■ Exercise description: Reproduce the listing that follows character for character, excluding its pictures.

[[ Provided material, beginning ]]

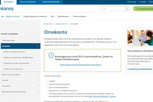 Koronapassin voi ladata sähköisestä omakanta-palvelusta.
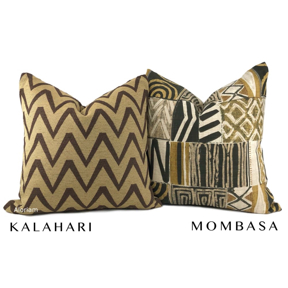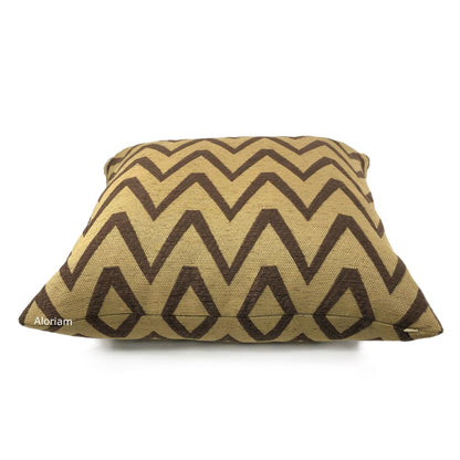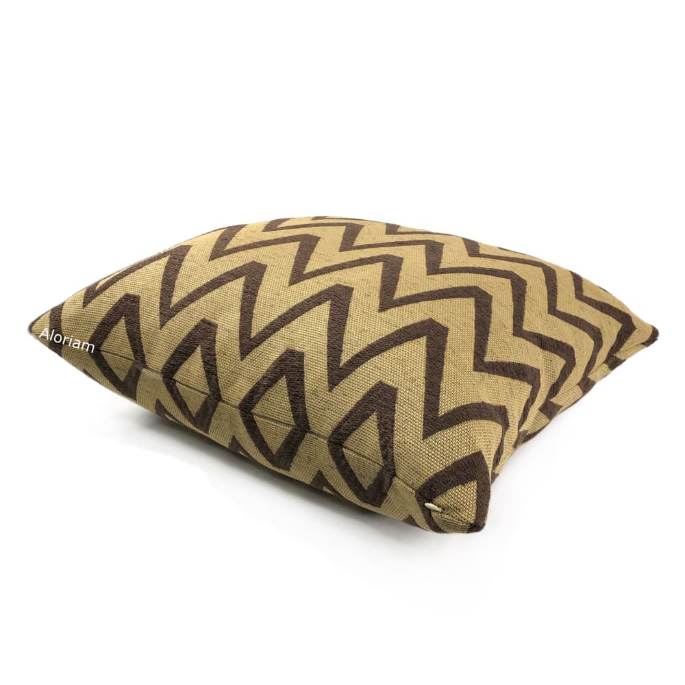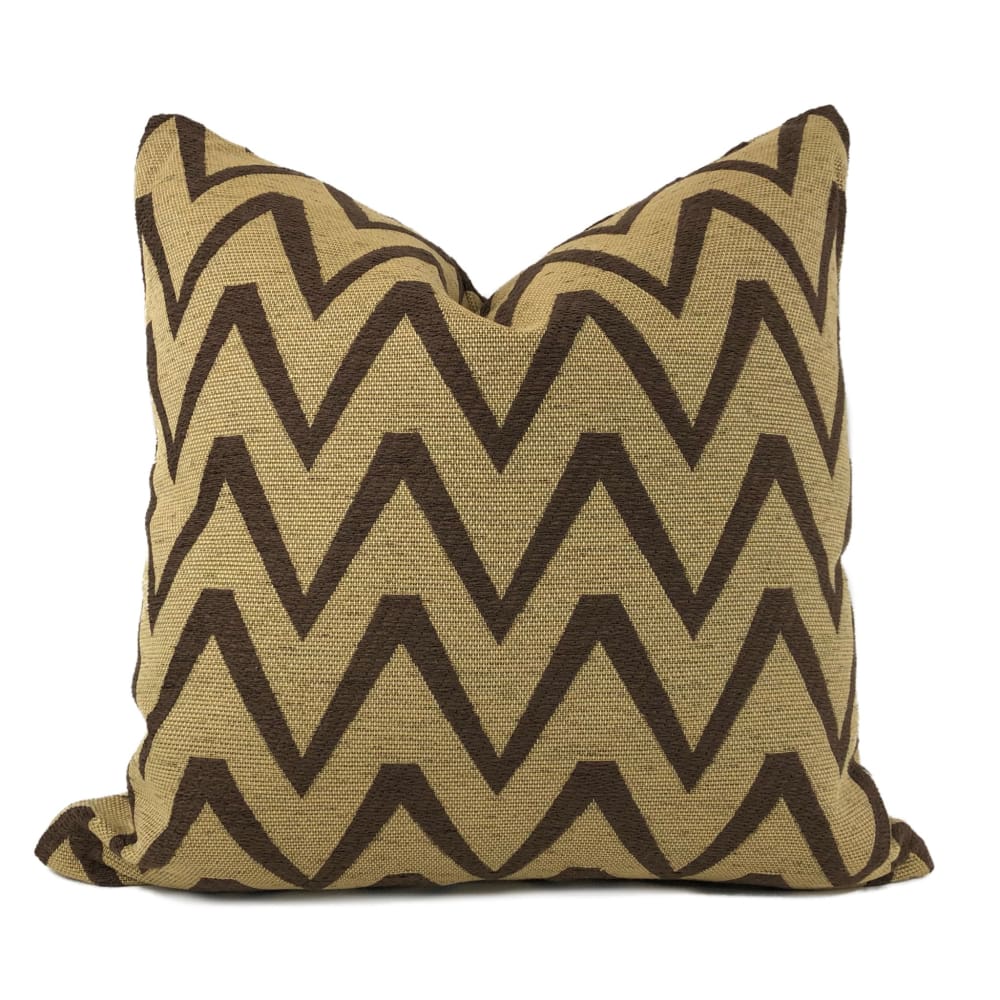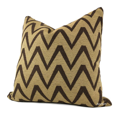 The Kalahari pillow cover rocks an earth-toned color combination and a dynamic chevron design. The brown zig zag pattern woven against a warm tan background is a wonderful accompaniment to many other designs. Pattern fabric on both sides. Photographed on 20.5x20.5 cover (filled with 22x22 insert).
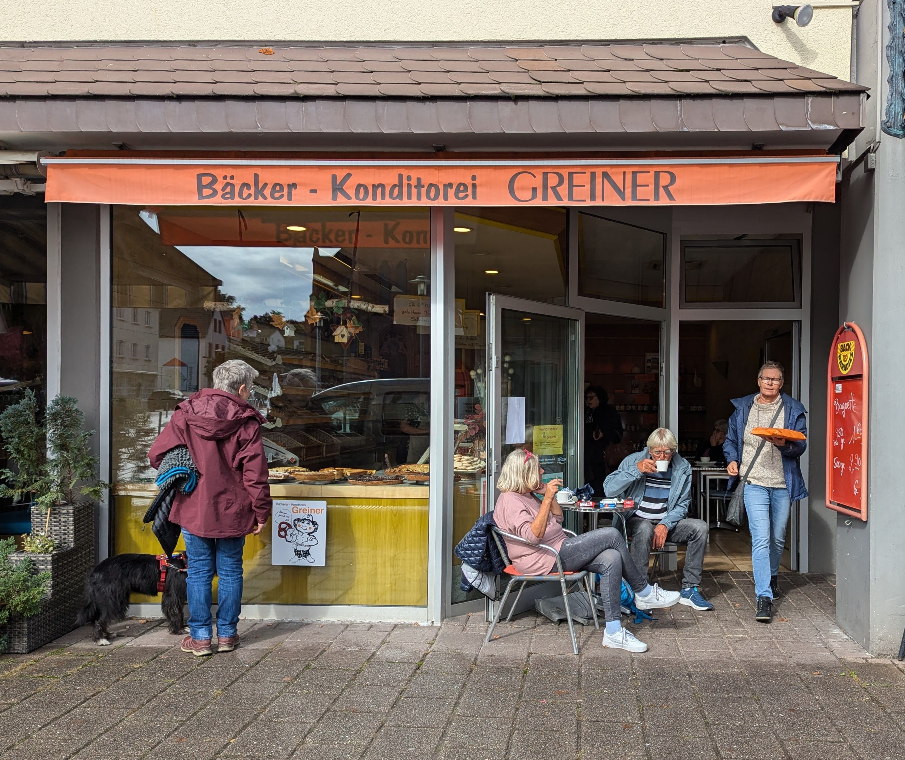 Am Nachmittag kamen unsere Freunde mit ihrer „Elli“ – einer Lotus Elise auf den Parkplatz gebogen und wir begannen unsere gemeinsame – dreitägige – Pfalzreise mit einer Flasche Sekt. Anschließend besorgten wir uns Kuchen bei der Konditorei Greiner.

[[ Provided material, end ]]

■ Answer area:
 Koronapassin voi ladata sähköisestä omakanta-palvelusta.
 The Kalahari pillow cover rocks an earth-toned color combination and a dynamic chevron design. The brown zig zag pattern woven against a warm tan background is a wonderful accompaniment to many other designs. Pattern fabric on both sides. Photographed on 20.5x20.5 cover (filled with 22x22 insert).
 Am Nachmittag kamen unsere Freunde mit ihrer „Elli“ – einer Lotus Elise auf den Parkplatz gebogen und wir begannen unsere gemeinsame – dreitägige – Pfalzreise mit einer Flasche Sekt. Anschließend besorgten wir uns Kuchen bei der Konditorei Greiner.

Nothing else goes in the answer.